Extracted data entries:
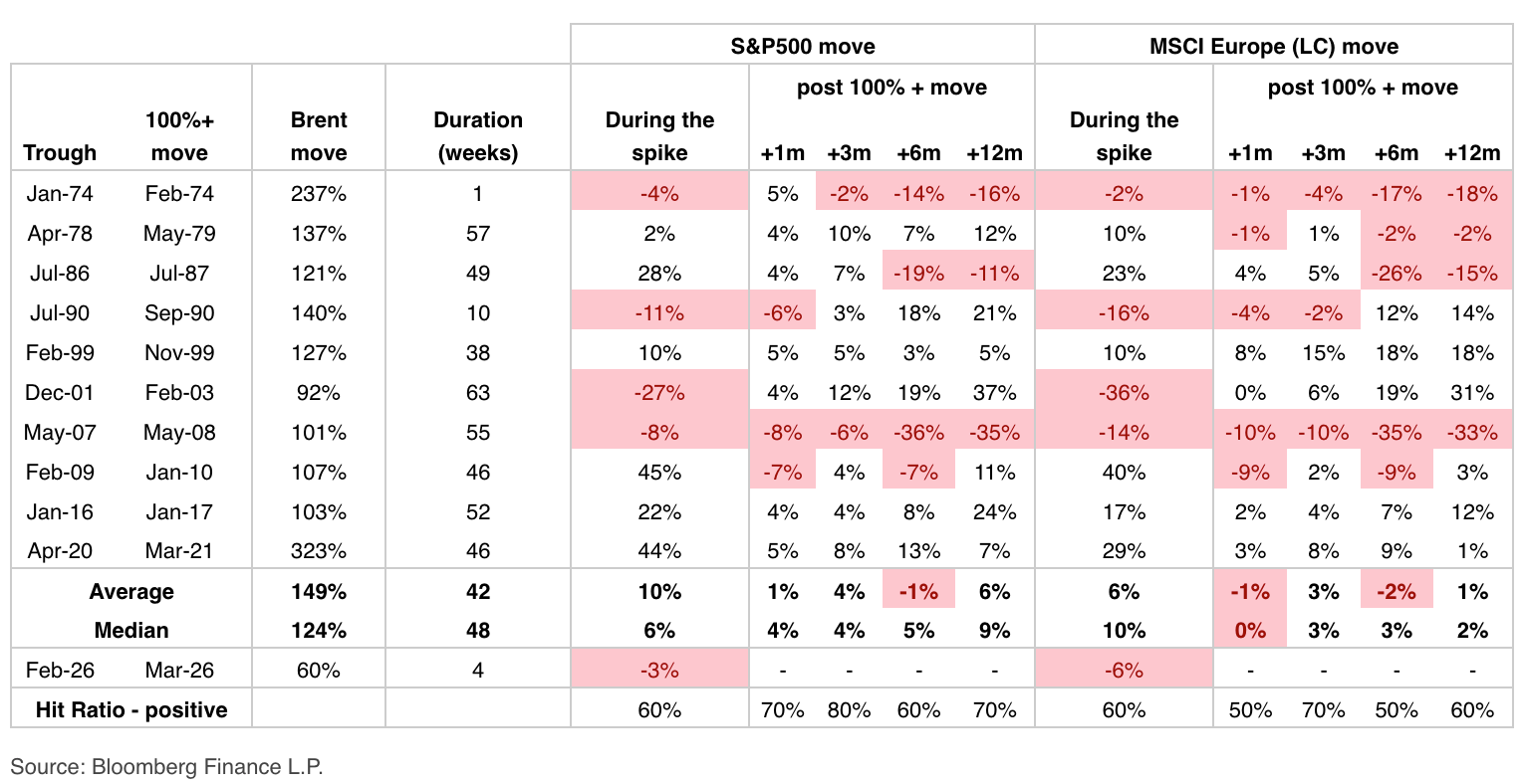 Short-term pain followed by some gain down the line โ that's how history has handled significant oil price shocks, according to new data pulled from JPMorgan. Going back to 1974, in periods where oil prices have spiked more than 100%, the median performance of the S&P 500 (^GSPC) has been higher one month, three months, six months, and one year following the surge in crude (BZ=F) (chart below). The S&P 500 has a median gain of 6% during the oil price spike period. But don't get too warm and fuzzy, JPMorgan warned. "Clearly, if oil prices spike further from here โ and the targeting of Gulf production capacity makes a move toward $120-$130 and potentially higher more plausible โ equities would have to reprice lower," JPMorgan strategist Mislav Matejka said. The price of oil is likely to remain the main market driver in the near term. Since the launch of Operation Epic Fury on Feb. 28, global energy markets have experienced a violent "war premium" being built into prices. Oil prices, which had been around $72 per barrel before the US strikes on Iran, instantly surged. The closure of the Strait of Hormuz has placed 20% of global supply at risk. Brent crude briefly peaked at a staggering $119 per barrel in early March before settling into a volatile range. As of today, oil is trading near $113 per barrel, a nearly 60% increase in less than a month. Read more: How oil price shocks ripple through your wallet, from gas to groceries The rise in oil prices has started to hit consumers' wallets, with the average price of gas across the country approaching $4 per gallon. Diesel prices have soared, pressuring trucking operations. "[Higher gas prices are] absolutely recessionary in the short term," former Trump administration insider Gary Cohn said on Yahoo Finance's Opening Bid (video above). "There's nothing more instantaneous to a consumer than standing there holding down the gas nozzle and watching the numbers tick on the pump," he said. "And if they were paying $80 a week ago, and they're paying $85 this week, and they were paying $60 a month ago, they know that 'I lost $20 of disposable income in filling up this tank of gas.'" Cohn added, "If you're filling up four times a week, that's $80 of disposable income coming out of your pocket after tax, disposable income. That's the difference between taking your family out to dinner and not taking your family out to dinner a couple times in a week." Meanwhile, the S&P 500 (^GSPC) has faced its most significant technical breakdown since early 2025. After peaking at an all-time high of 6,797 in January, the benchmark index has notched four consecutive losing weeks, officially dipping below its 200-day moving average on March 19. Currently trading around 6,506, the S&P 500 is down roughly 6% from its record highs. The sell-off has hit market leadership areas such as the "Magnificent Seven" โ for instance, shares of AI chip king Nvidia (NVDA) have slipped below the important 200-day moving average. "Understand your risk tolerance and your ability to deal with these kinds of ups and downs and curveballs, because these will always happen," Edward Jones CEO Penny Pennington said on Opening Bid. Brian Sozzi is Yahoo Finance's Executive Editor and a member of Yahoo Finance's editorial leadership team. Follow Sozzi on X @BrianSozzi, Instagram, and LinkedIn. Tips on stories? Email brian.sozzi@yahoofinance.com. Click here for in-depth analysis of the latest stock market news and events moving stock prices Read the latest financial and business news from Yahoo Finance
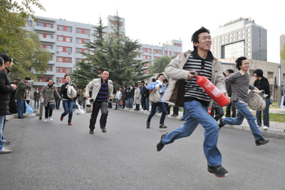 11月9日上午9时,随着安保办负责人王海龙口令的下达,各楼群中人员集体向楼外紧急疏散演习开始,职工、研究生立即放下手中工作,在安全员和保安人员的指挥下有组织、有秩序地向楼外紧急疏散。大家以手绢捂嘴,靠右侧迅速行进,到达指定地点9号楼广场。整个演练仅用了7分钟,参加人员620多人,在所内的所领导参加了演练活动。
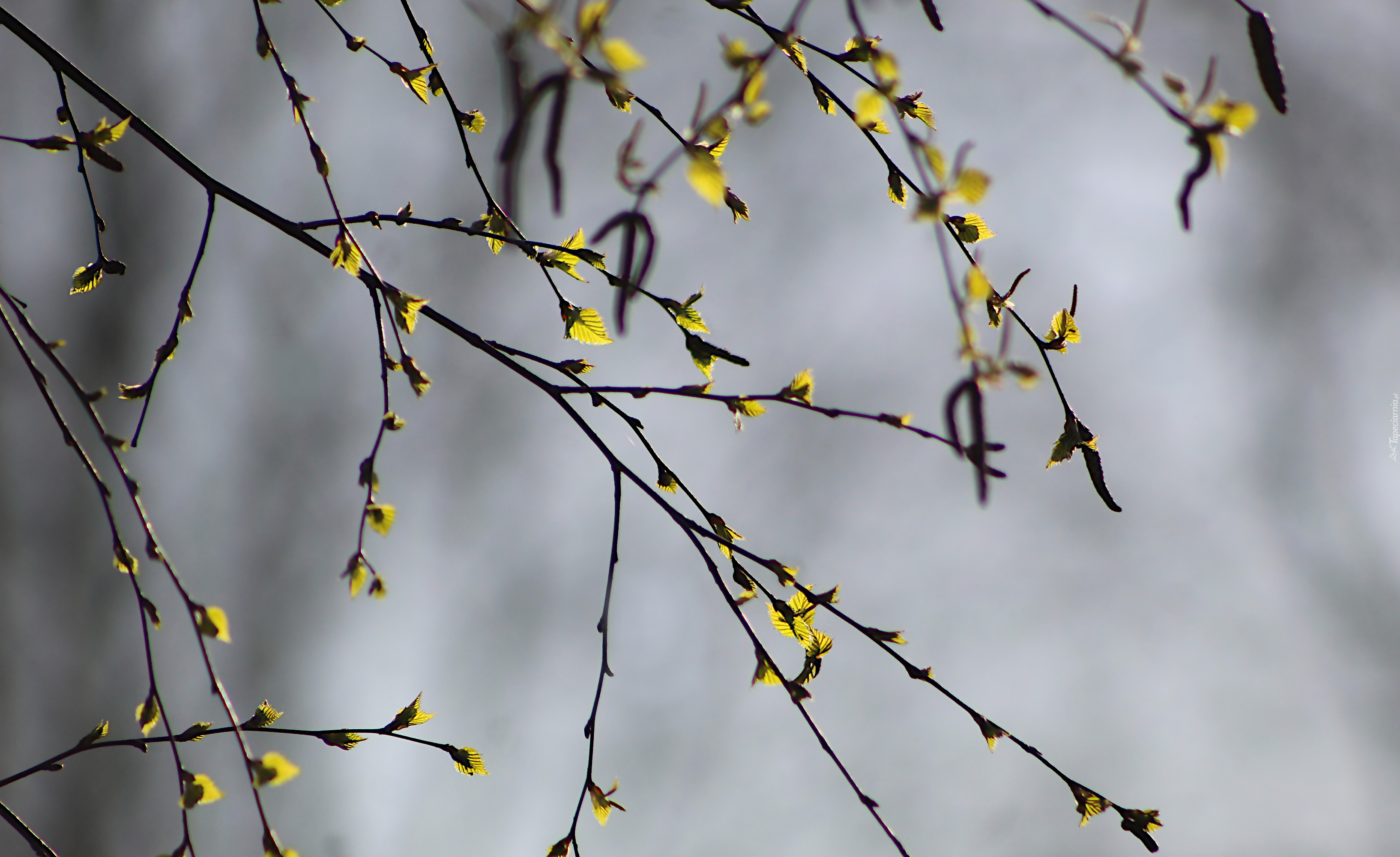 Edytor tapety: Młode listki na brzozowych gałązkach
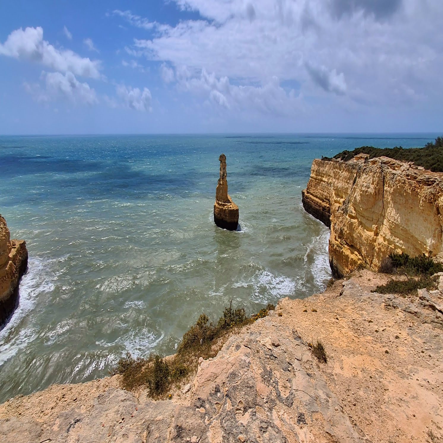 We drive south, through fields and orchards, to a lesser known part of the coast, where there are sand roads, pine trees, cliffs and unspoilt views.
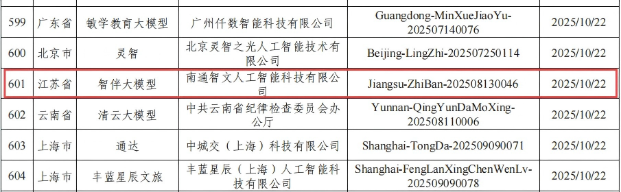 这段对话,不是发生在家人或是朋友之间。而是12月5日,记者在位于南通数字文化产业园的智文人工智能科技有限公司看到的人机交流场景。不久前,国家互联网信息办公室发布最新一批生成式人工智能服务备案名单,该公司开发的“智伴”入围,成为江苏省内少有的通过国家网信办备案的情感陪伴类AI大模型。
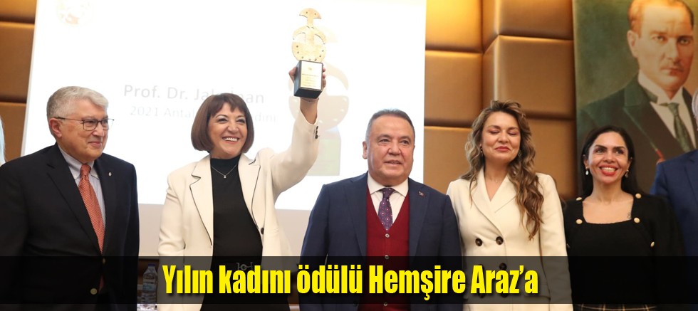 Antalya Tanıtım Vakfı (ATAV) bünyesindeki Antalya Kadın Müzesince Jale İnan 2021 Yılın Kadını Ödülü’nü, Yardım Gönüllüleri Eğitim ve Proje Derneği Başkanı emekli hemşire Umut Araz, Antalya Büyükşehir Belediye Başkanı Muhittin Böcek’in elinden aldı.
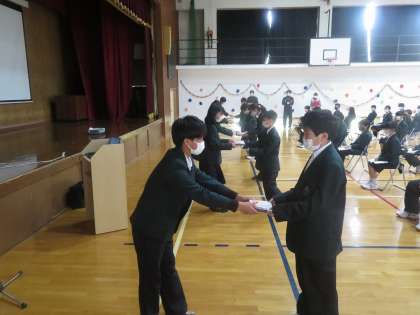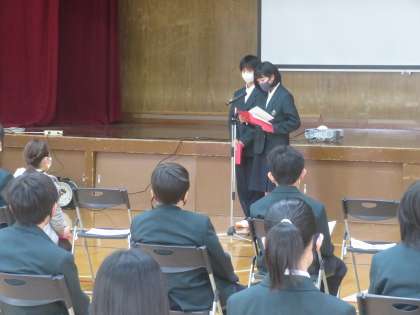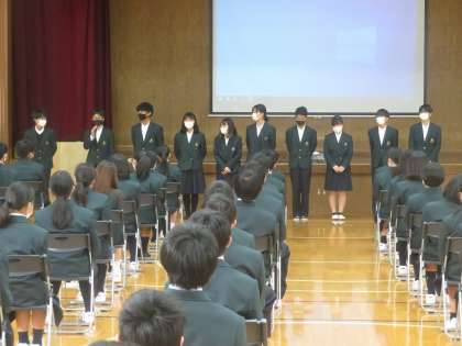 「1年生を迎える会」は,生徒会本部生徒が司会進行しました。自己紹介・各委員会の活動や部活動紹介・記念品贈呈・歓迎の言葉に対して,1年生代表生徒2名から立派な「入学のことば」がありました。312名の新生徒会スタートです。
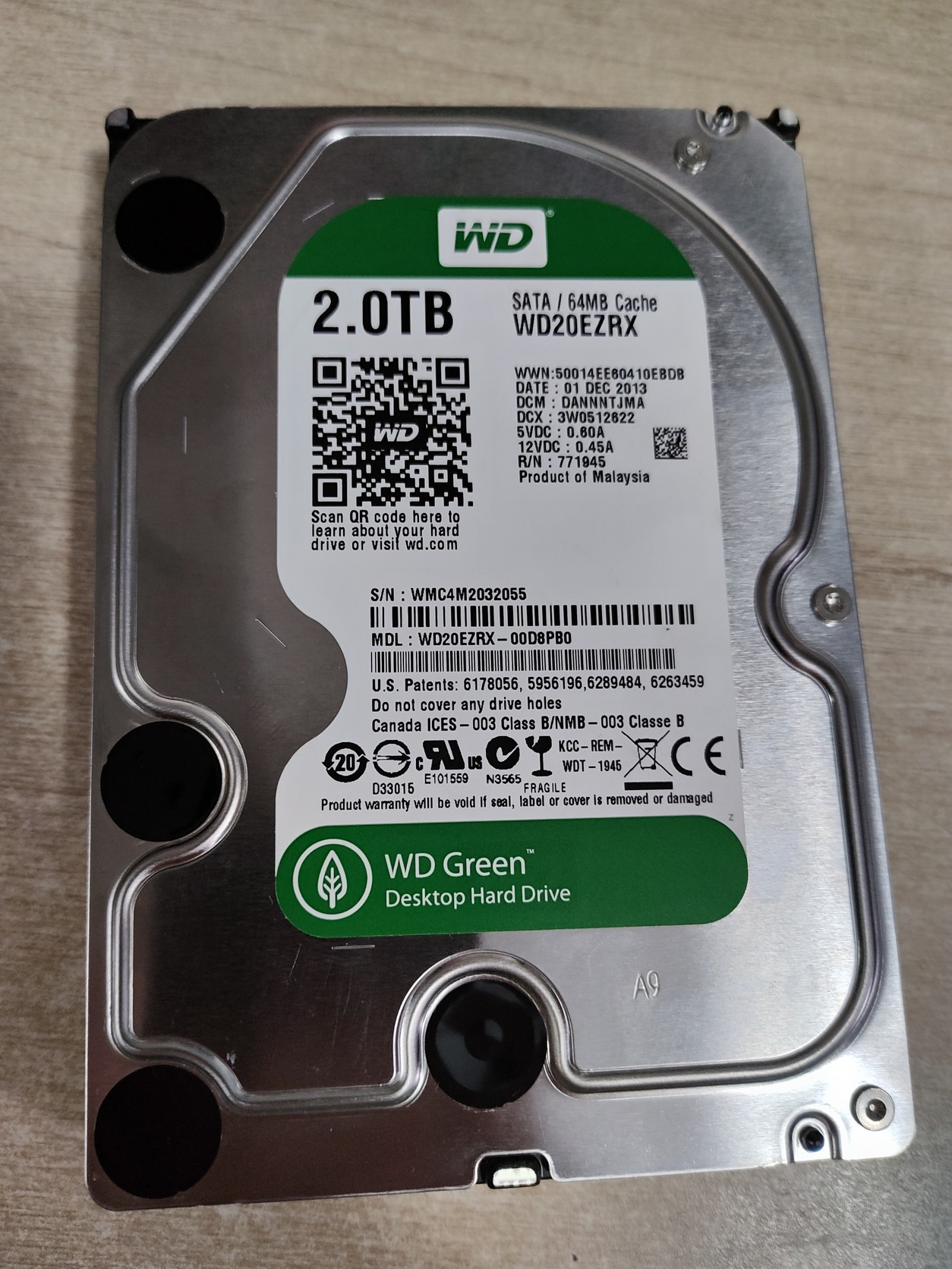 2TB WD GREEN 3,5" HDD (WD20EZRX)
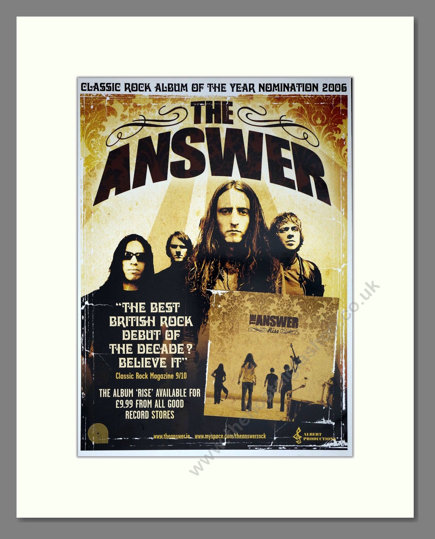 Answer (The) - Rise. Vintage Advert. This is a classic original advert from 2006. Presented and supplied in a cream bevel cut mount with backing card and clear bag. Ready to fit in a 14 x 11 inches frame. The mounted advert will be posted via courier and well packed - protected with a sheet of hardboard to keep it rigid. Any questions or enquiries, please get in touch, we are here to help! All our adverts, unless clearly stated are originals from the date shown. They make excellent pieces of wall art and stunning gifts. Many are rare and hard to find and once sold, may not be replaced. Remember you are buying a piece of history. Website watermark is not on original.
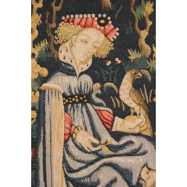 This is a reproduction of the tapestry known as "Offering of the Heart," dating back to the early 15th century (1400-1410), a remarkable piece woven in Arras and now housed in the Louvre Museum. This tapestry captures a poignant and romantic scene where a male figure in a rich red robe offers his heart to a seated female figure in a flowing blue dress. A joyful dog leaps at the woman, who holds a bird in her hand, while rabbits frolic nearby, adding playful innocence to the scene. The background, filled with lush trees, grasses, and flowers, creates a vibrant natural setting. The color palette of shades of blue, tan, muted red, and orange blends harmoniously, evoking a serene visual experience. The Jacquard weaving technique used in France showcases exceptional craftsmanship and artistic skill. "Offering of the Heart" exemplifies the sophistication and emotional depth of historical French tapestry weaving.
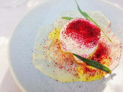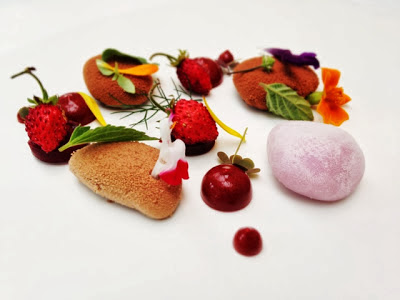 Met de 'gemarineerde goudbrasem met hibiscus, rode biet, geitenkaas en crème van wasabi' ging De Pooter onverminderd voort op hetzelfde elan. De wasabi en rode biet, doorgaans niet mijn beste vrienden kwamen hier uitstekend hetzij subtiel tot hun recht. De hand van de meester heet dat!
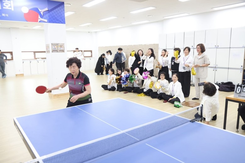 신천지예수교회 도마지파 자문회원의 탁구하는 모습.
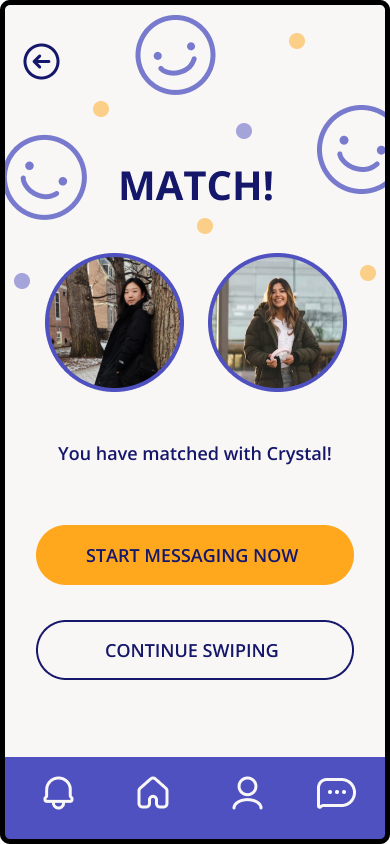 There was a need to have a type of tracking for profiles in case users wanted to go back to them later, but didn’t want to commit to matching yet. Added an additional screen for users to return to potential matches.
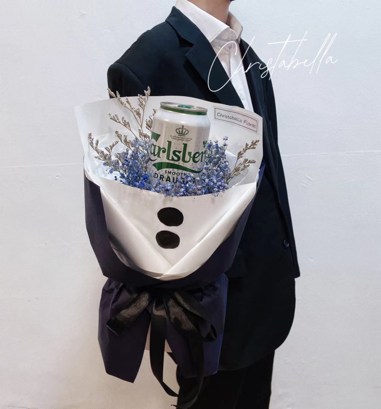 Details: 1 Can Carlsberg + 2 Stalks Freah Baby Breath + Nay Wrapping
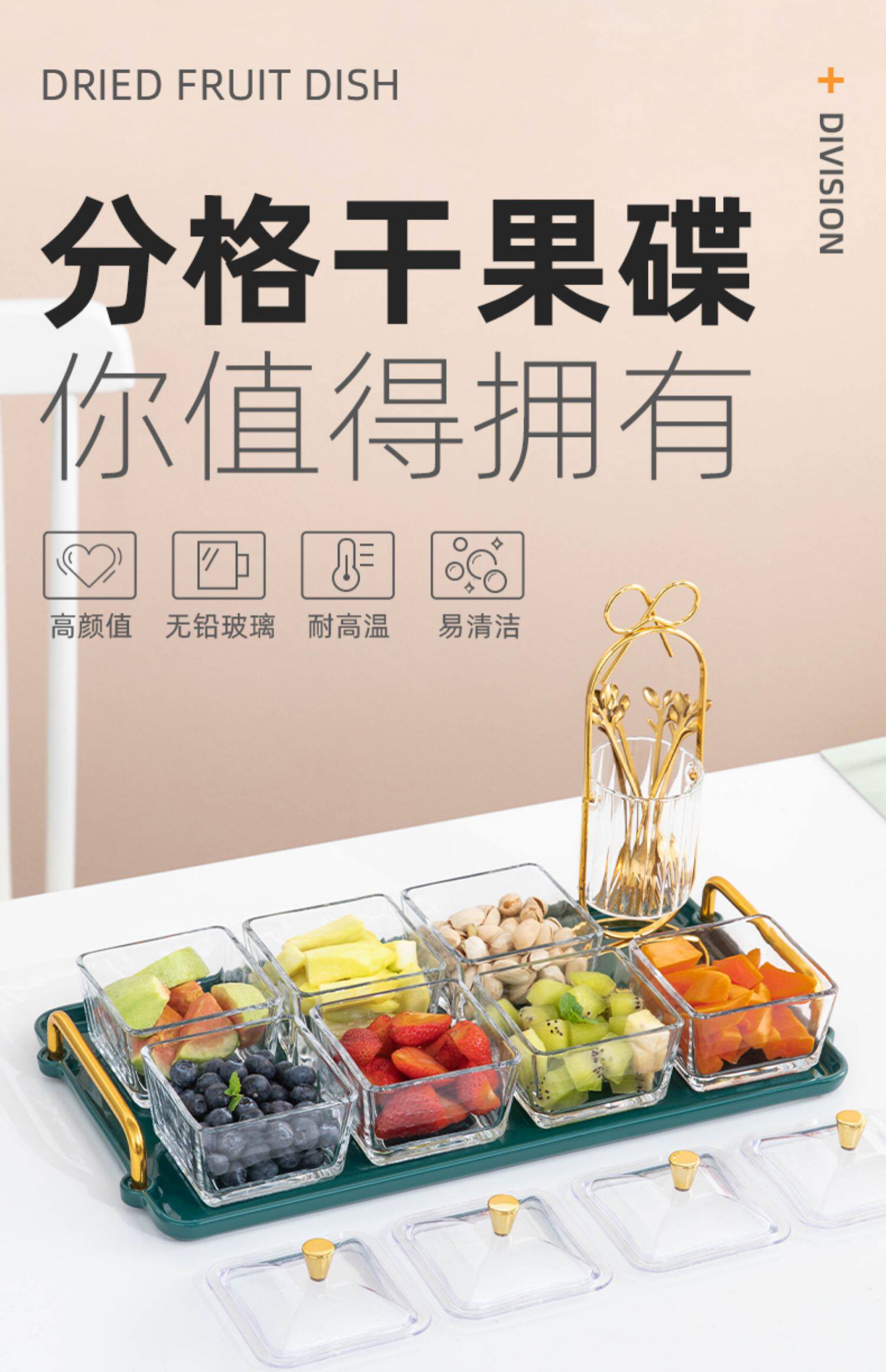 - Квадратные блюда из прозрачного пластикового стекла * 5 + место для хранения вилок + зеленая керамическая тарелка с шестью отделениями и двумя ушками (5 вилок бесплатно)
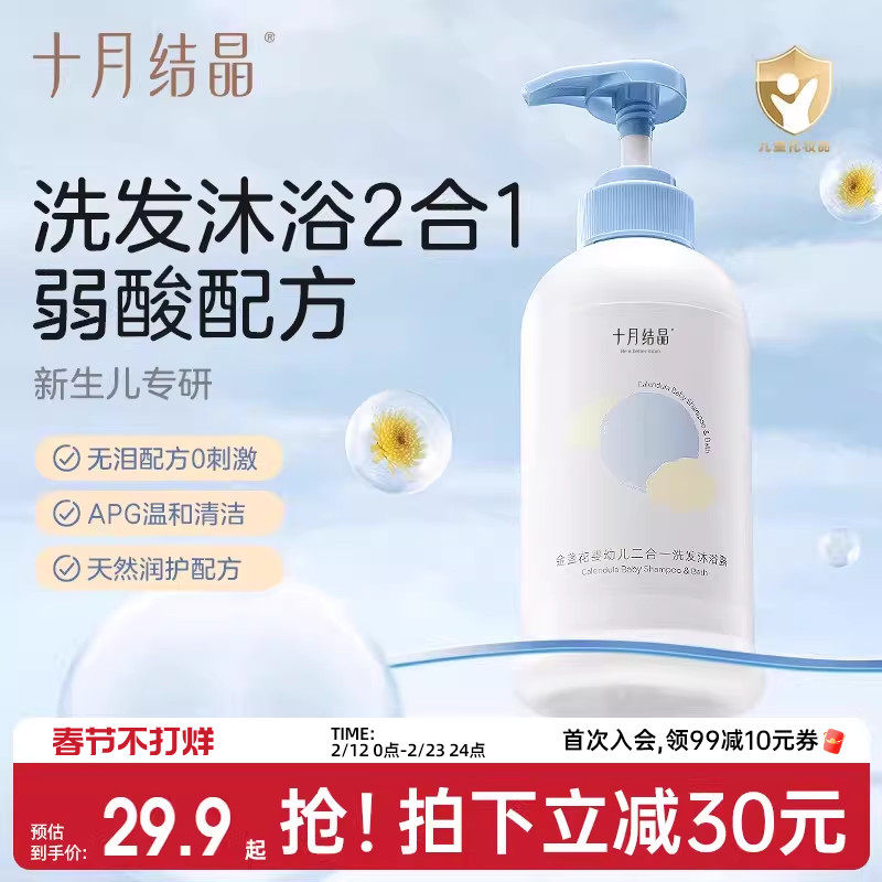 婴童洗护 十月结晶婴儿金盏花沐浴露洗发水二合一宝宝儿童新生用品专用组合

§ What is required
Would you give again, exactly, the lines in the data above that run from the line containing "Edytor tapety: Młode" to the line containing "Antalya Tanıtım Vakfı"? Include both ends and no pictures.

§ Worked solution
 Edytor tapety: Młode listki na brzozowych gałązkach
 We drive south, through fields and orchards, to a lesser known part of the coast, where there are sand roads, pine trees, cliffs and unspoilt views.
 这段对话,不是发生在家人或是朋友之间。而是12月5日,记者在位于南通数字文化产业园的智文人工智能科技有限公司看到的人机交流场景。不久前,国家互联网信息办公室发布最新一批生成式人工智能服务备案名单,该公司开发的“智伴”入围,成为江苏省内少有的通过国家网信办备案的情感陪伴类AI大模型。
 Antalya Tanıtım Vakfı (ATAV) bünyesindeki Antalya Kadın Müzesince Jale İnan 2021 Yılın Kadını Ödülü’nü, Yardım Gönüllüleri Eğitim ve Proje Derneği Başkanı emekli hemşire Umut Araz, Antalya Büyükşehir Belediye Başkanı Muhittin Böcek’in elinden aldı.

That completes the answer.